A final example of how contemporary Church teachings handle awkward story material links Job and II Maccabees. Unlike the Biblical version of Job, when God responds to Job's solitary prayer, He states: "Thou wast not worthy to be in bliss...Know thyself for unclean / and evil in all degree, /...And if thou will... / grant to God that thou art guilty. / Then will He grant thee grace to rise / and mend thee of thy leprosy" (ll. 15087-15100). Job has forgotten about original sin, and since he lives prior to the day of Jesus, he has not been baptized. Job prays, following God's directions exactly, and his possessions and family are returned to him. A similar issue arises in chapter seven of II Maccabees, where the poet enlarges on the victims' conversations with their torturers and the methods of torture in order to attenuate the story of the martyrdom of the woman and her seven sons. This was a popular "saint's tale" in the Middle Ages in spite of the theologians arguing over the deceased persons' status. Their fault was similar to Job's--they too bore the burden of original sin, had lived before the time of Christ, and had not been baptized. To circumvent this unfortunate omission, the apologists said they had been baptized in their own blood--the same explanation was given for the children slain by King Herod (623-4).

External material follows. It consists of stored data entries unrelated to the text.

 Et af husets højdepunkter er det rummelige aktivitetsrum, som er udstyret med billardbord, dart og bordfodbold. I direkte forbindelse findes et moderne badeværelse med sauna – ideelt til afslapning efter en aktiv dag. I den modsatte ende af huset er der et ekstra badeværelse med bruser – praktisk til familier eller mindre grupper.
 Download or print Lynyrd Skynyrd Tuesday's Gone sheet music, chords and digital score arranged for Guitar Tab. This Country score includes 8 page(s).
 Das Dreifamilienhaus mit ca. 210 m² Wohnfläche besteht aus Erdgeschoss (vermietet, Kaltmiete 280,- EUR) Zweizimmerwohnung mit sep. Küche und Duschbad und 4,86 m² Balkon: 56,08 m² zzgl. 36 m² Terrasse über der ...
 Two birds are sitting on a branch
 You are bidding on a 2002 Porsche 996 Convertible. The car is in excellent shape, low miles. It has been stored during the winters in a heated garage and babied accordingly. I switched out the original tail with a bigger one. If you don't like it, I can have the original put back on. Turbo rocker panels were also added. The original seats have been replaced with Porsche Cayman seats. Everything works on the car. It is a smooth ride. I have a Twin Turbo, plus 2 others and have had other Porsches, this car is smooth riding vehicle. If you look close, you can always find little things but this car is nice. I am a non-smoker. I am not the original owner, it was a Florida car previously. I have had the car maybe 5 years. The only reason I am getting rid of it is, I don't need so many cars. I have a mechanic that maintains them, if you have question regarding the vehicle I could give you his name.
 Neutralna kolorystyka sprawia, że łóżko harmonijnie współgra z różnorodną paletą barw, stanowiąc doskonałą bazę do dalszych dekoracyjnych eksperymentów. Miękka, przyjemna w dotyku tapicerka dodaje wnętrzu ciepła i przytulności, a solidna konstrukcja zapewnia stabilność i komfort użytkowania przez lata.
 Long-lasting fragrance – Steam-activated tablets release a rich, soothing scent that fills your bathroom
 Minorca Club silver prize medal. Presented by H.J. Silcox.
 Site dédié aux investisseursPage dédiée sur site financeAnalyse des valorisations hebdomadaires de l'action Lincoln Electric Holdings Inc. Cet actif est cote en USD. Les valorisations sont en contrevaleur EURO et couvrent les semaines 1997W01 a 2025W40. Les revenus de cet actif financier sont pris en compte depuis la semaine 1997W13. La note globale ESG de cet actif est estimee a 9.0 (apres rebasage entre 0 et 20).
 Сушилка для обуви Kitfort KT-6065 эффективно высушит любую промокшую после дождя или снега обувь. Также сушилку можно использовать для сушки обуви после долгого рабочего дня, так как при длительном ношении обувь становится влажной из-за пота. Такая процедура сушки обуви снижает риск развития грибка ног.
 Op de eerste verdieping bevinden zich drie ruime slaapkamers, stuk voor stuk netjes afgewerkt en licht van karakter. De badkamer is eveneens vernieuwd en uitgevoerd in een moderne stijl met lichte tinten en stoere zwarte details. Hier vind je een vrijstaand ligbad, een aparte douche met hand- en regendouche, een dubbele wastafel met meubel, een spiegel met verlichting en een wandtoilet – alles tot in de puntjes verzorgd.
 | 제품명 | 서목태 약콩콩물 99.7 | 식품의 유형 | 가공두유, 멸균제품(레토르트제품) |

Obviously, specialists in ME literature and culture will value this volume, enjoying the hunt for rhetorical devices, unidentified "echoes," and theological arguments. Additionally, because of its lengthy discussion (in its Introduction) of ME translations and paraphrases and their Latin and French sources alongside its discussion of early "Protestantism," this edition will also be of interest to Church historians. A project which this new edition of the Paraphrase invites us to undertake is a study of voice--the poet-person's voice, the book-narrators' voices, the character's voices and their various audiences. Indeed, this would be an excellent text to use for a classroom demonstration of how Reader- Response Theory might work.